The first statewide snapshot of California’s homelessness crisis since the pandemic hit reveals that the number of people without a stable place to call home increased by at least 22,500 over the past three years, to 173,800.
That’s based on a CalMatters analysis of the federal government’s point-in-time count, a biennial headcount of people sleeping on the streets and in shelters tallied by California cities and counties earlier this year for the first time since 2019.
Homelessness experts mostly attribute the rise to precipitous drops in earnings during the pandemic among Californians already teetering on the edge. They also point to a worsening housing affordability crisis that is decades in the making.
“We have to solve this rotting core in the center of California, which is that we are a million units short of housing for extremely low-income workers,” said Margot Kushel, director of the UCSF Benioff Homelessness and Housing Initiative.
While homelessness grew by 15%, roughly the same pace as in recent years — something experts credit to pandemic-era safety nets like rental assistance, eviction moratoria and stimulus checks — the data also indicates the problem has gotten worse for the state’s Latino population.
Critics are quick to point out the state is spending more than $14 billion on homelessness. But advocates say its response is just now beginning.
“The price tag is bigger now,” said Tomiquia Moss, founder and chief executive of All Home, a San Francisco-based homeless policy organization. “Meanwhile, the inflow is killing us.”
The numbers show the state’s investment in shelters is bearing fruit. California created more than 14,000 shelter beds between 2019 and 2021, federal data shows. And local organizations reported this year the number of people staying in emergency and longer-stay shelters ballooned by nearly the same amount, from 42,800 to 57,200 people — a 33% increase since 2019.
But there still isn’t nearly enough permanent, affordable housing to bring people indoors for good.
“Most people, most politicians, when they talk about homelessness, it’s, ‘We’re going to build X number of shelters.’ It’s shelter, shelter, shelter,” said Christopher Weare, president of the Center for Homeless Inquiries. “Well, all of this construction of shelters doesn’t really change the scope of the problem.”
Meanwhile, the unsheltered count, or the number of people staying in tents, tarps, cars and other spaces unfit for human habitation, grew by about 7% between 2019 and 2022, to 116,600 people. That’s a bump, but perhaps not reflective of the growing palpability of the crisis that dominates local headlines, political debates and neighborhood discussions.
Can we trust the numbers?
Not completely.
The unsheltered numbers are collected by volunteers every other year on a given winter’s night, and depend largely on their untrained eyes. That means people who are couch surfing, crouched in less visible spots, or staying in cars without telltale signs of habitation go undetected. The sheltered counts, collected by service providers, are more accurate.
The accuracy of the tallies depends largely on how many people show up to count. When local agencies rallied volunteers in the early months of the year, the omicron variant was still tearing through the state. Technical glitches in apps used to count people also threw things off: The unsheltered count in Venice, a postcard example of homelessness in Los Angeles, inexplicably dropped from 509 people in 2019 to 0 amid reports of user errors and poor internet connection.

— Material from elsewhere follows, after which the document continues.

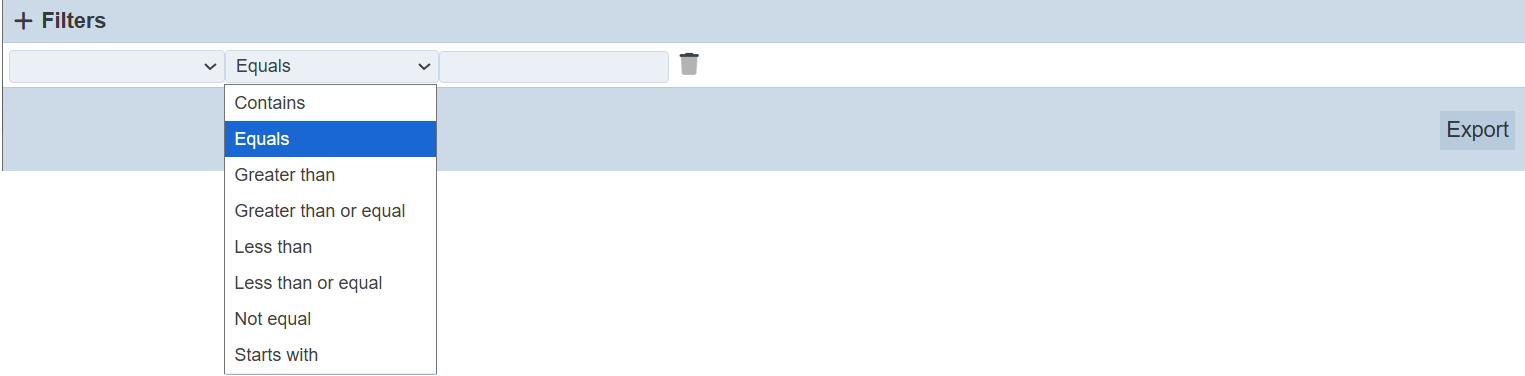 In the first textbox, select the desired field and select the appropriate filter from the drop-down list. Key in the value in the last textbox (case-sensitive). You can add more filters by clicking on the “+” icon at the upper left corner of the section. To remove the filter, click on the

“I was surprised that the increase wasn’t larger across the state,” said Arturo Baiocchi, assistant professor of social work at California State University, Sacramento. “Communities reported many more vehicles that are being used for shelter, and larger encampments, and that didn’t necessarily correlate with a larger unsheltered count. For me, I’m going to wait until 2023 before I feel pretty confident about what’s going on across the state.”
Baiocchi, who helped conduct Sacramento’s point-in-time count, documented a startling 67% jump, or an additional 3,700 people experiencing homelessness in the city and county since 2019.
While far from perfect, the count offers the only statewide look at unsheltered homelessness in California, particularly among people who aren’t enrolled in services and therefore overlooked by their tracking metrics. The federal government also takes it seriously: The numbers help determine how much funding flows where.
The feds expect to release their report on the national tally to Congress in early- to mid-December, which gives them time to iron out the kinks presented by the mishmash of local methodologies. The Department of Housing and Urban Development and the state housing department declined to comment on the data, citing pending final results.
Latino homelessness on the rise
More detailed local reports reveal a troubling trend: While Black people continue to be overrepresented on the street, more and more Latinos are falling into homelessness.